5.2. Testing the Custom HashMap
5.2.测试自定义 HashMap
As an example, we can test the above custom class:
例如,我们可以测试上述自定义类:
private final int MAX_SIZE = 4;
private HashMapWithMaxSizeLimit<Integer, String> hashMapWithMaxSizeLimit;
@Test
void givenCustomHashMapObject_whenThereIsNoLimit_thenDoesNotThrowException() {
hashMapWithMaxSizeLimit = new HashMapWithMaxSizeLimit<Integer, String>();
assertDoesNotThrow(() -> {
for (int i = 0; i < 10000; i++) {
hashMapWithMaxSizeLimit.put(i, i + "");
}
});
}
@Test
void givenCustomHashMapObject_whenLimitNotReached_thenDoesNotThrowException() {
hashMapWithMaxSizeLimit = new HashMapWithMaxSizeLimit<Integer, String>(MAX_SIZE);
assertDoesNotThrow(() -> {
for (int i = 0; i < 4; i++) {
hashMapWithMaxSizeLimit.put(i, i + "");
}
});
}
@Test
void givenCustomHashMapObject_whenReplacingValueWhenLimitIsReached_thenDoesNotThrowException() {
hashMapWithMaxSizeLimit = new HashMapWithMaxSizeLimit<Integer, String>(MAX_SIZE);
assertDoesNotThrow(() -> {
hashMapWithMaxSizeLimit.put(1, "One");
hashMapWithMaxSizeLimit.put(2, "Two");
hashMapWithMaxSizeLimit.put(3, "Three");
hashMapWithMaxSizeLimit.put(4, "Four");
hashMapWithMaxSizeLimit.put(4, "4");
});
}
@Test
void givenCustomHashMapObject_whenLimitExceeded_thenThrowsException() {
hashMapWithMaxSizeLimit = new HashMapWithMaxSizeLimit<Integer, String>(MAX_SIZE);
Exception exception = assertThrows(RuntimeException.class, () -> {
for (int i = 0; i < 5; i++) {
hashMapWithMaxSizeLimit.put(i, i + "");
}
});
String messageThrownWhenSizeExceedsLimit = "Max size exceeded!";
String actualMessage = exception.getMessage();
assertTrue(actualMessage.equals(messageThrownWhenSizeExceedsLimit));
}
In the above code, we have four test cases:
在上述代码中,我们有四个测试用例:
- We instantiate the class with the default no-limit behavior.

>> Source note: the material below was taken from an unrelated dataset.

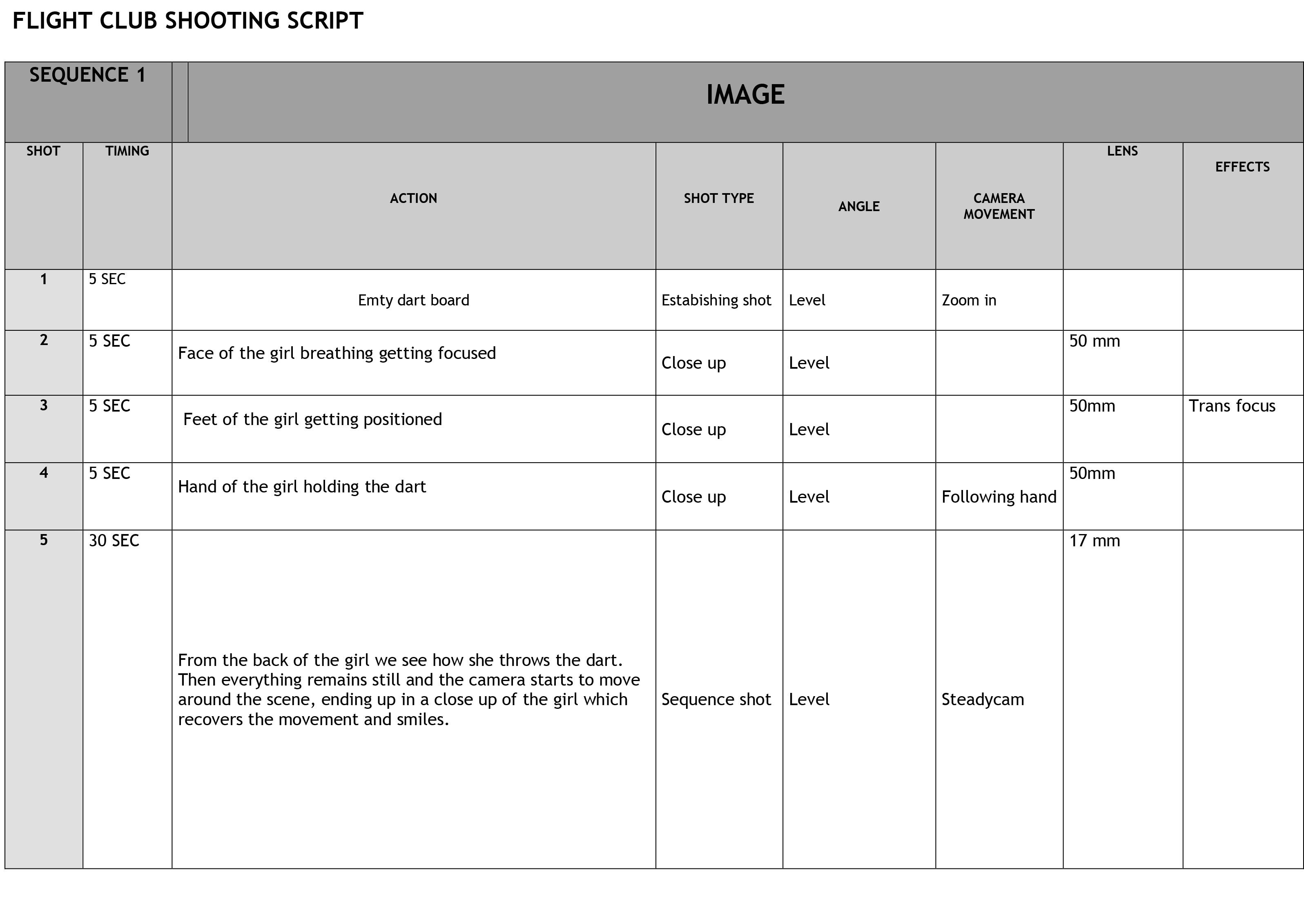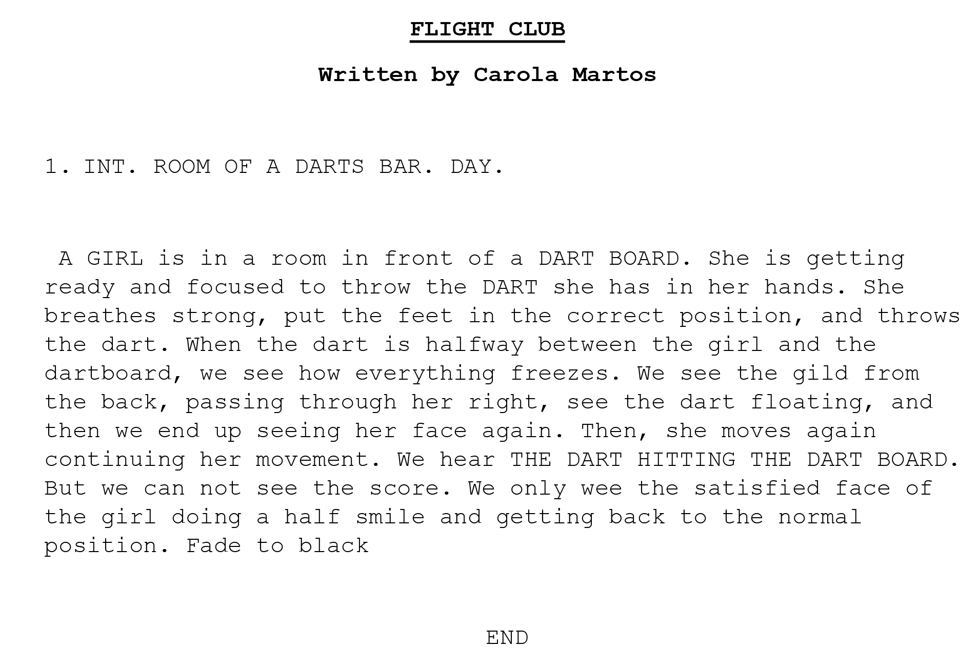 The project will be a continuos shot. The camera will travel through a room in which the main character will be located. We see the main character getting ready to trow a dart,

Even if we add a high number of entries, we don’t expect any exceptions.
- We instantiate the class with a maxSize of 4. If we don’t reach the limit, we don’t expect any exceptions.
- We instantiate the class with a maxSize of 4. If we have reached the limit and we replace a value, we don’t expect any exceptions.
- We instantiate the class with a maxSize of 4. If we exceed the limit, we expect a RuntimeException with a specific message.
6. Conclusion
6.结论
The need to enforce a limit for the maximum size of HashMap might arise in some specific scenarios. In this article, we’ve seen some examples that address this requirement.
在某些特定场景中,可能需要对 HashMap 的最大大小执行限制。在本文中,我们看到了一些满足这一需求的示例。
Extending LinkedHashMap and overriding its removeEldestEntry() method can be useful if we want to quickly implement an LRU cache or something similar. If we want to enforce a stricter bound, we can extend HashMap and override its insertion methods to fit our needs.
如果我们想快速实现 LRU 缓存或类似功能,扩展 LinkedHashMap 并覆盖其 removeEldestEntry() 方法将非常有用。如果我们想执行更严格的约束,可以扩展 HashMap 并重写其插入方法,以满足我们的需求。
As usual, the example code is available over on GitHub.
与往常一样,示例代码可在 GitHub 上获取。